Chang She, previously VP of Engineering at Tubi, is a Cloudera veteran with years of experience building data tools and infrastructure. But when she started working in her AI field, he quickly ran into traditional data infrastructure issues that prevented her from putting her AI models into production.
“Machine learning engineers and AI researchers are often locked into substandard development experience,” she told TechCrunch in an interview. “Data infrastructure companies don't understand the machine learning data problem at a fundamental level.”
So Chang (one of the co-creators of the wildly popular Python data science library Pandas) co-founded LanceDB in collaboration with software engineer Lei Xu.
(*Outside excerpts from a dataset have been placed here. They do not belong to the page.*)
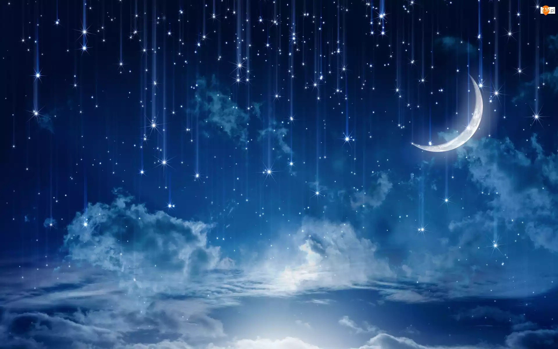 Gwiazdy, Grafika, Chmury, Noc, Księżyc
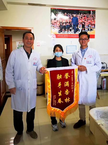 2020年5月10日母亲节这天,保山市中医医院骨伤科一病区收到了一位年轻妈妈送来的特别礼物——一面写有“誉满杏林,触手生春”的锦旗!这面锦旗是去年年底在我院骨伤科一病区住院治疗的张女士送来的,虽然只有一句简洁的话语,但却表达了张女士对我院医务人员的热情服务、精心诊治的高度肯定和赞扬。2019年11月底时,张女士因劳累后出现腰及左下肢疼痛、麻木、活动不利,疼痛较为剧烈,寝食难安,痛苦不堪。后经家人推荐,到我院骨伤科一病区住院治疗。为张女士接诊的是董介轩医生,经过检查,最终诊断张女士为”腰椎间盘突出伴坐骨神经痛”。针对张女士的病情,骨伤科一病区主任张云峰带领董医生为她进行了“腰椎间盘摘除手术”治疗,手术非常成功。在术后康复期间,董医生和科室护理人员每天指导其合理饮食、用药,按时按点的进行术后康复锻炼。经过一段时间的精心治疗和悉心照料,张女士很快便好转出院,到今年5月份,疾病已经痊愈。为了表达心中的感谢,张女士特地做了一面锦旗,并亲自带着锦旗送到了张云峰主任和董介轩医生的手中。
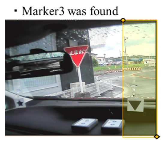 We extended the search range to increase the recognition rate from template matching. In the proposed method from Section 3.2, if the marker was found in a previous frame, template matching was performed around the position of the marker in the previous frame. However, the template matching would fail if the driver moved their head a large distance before turning the car left or right because the marker would move out of the search range. Additionally, the division of the search range into sections lengthened the processing time due to failed template matching. To address these issues, we enabled the system to alter the search range based on the quantity of movement between the current and previous frames. For example, if the marker moved significantly right from two frames before to one frame before, the search range was extended to the right side by a constant range. Figure 15 illustrates an example. We judge that the marker moved significantly from the head movement angle and the eye movement angle. We also judged from the visual field camera image.
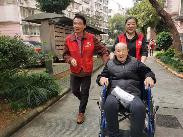 11月20日上午,记者前往采访,刚和社区里这支志愿服务队的召集人罗培毅师傅对接上,没聊几句,罗师傅的手机就响个不停,来电人是家住130号105室的百岁寿星陈阿昌。原来他看到窗外天气晴朗,想到公园里去晒晒太阳,由于腿脚不便没法下楼,子女又都不在身边,就想到了联系罗师傅。听明情况后,罗师傅和华阿姨连忙赶到陈阿昌家中,细心地将老人扶下楼梯,坐上事先准备好的轮椅:“这些志愿者比自己的亲人还要亲,5年多来我随叫孩子们就随到,真是一群热心人!”在公园里,陈阿爸在志愿者的陪护下,沐浴着寒冬的暖阳,满怀感激,心里乐开了花。
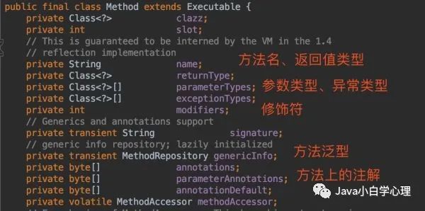 而且,针对字段、方法、构造器,因为信息量太大了,JDK还单独写了三个类,比如Method类:
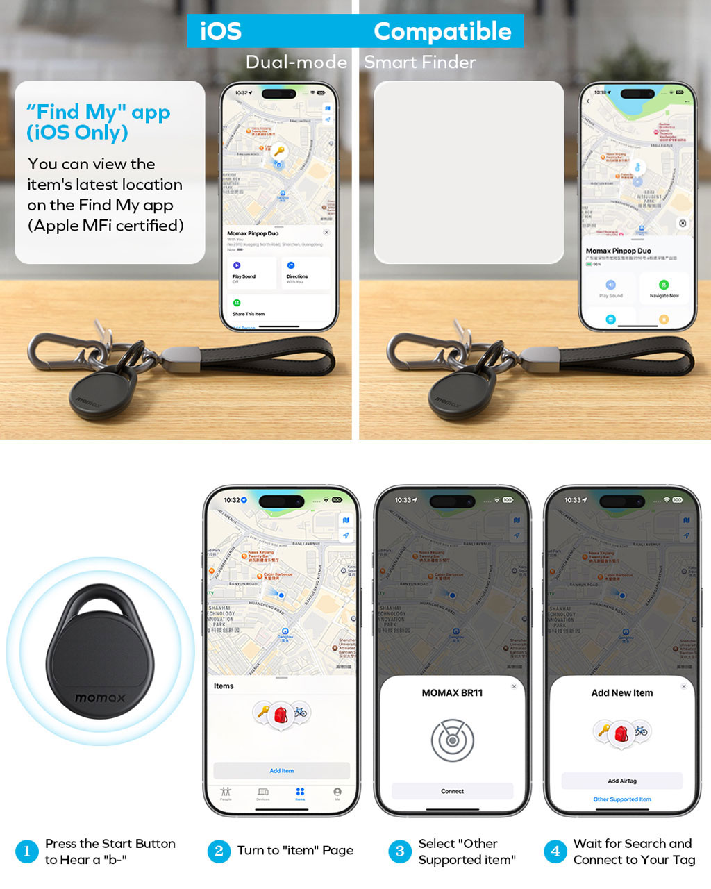 - 【Fonctionne avec Apple Find My *】 Momax Tracker Tag transforme facilement vos objets en dispositifs de suivi. Gardez un œil sur vos biens et partagez le suivi avec des amis ou des appareils via l’application Find My. Prend en charge jusqu’à 5 appareils partageant simultanément, de sorte que tout le monde reste dans la boucle.
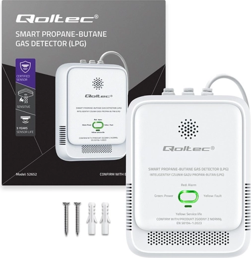 Megbízható LPG detektor védi otthonát a propán-bután szivárgásától. Gyors észlelés, hangos 85 dB-es riasztás és LED fényjelzés figyelmeztet időben a veszélyre. Félvezető szenzor magas pontossággal, folyamatos 24/7 felügyelet, önellenőrzés és TEST gomb az egyszerű működésellenőrzéshez. A EN50194-1:2023 tanúsítvány igazolja a minőséget és a biztonságot.
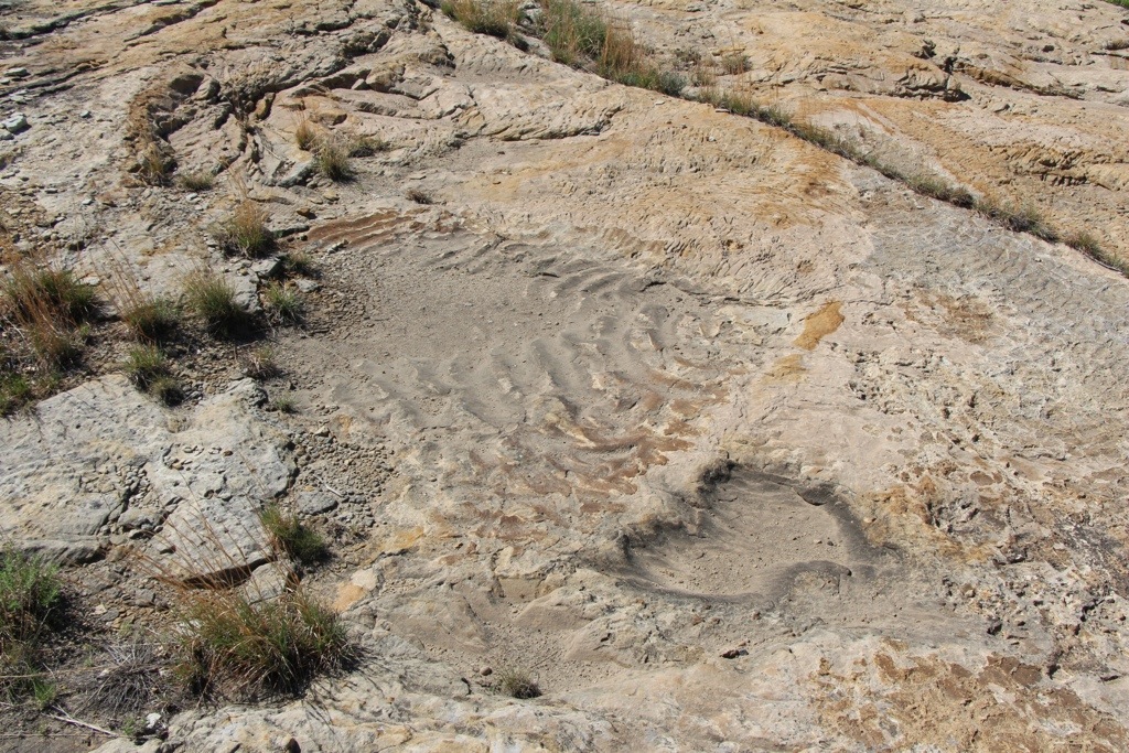 After settling in, we headed off on a hike to see dinosaur tracks which are located on the opposite side of the lake from the camp sites. There are tracks from a variety of dinosaurs, tail marks, and fossilized mud cracks and tidal ripples. We saw beautiful plants, rabbits, deer, and tumble weeds.

LanceDB builds the eponymous open source database software LanceDB. It's designed to support multimodal AI models, that is, models that are trained to generate images, videos, etc. in addition to text. Backed by Y Combinator, LanceDB raised $8 million in seed funding this month led by CRV, Essence VC, and Swift Ventures, bringing its total funding to $11 million.
“If multimodal AI is critical to your company's future success, you want your very expensive AI team to focus on bridging models, AI, and business value,” says Chan. “Unfortunately, AI teams currently spend most of their time dealing with low-level data infrastructure details. LanceDB provides the foundation that AI teams need, so teams can truly You'll be free to focus on what's important, and you'll be able to bring your AI products to market much faster than you would otherwise.”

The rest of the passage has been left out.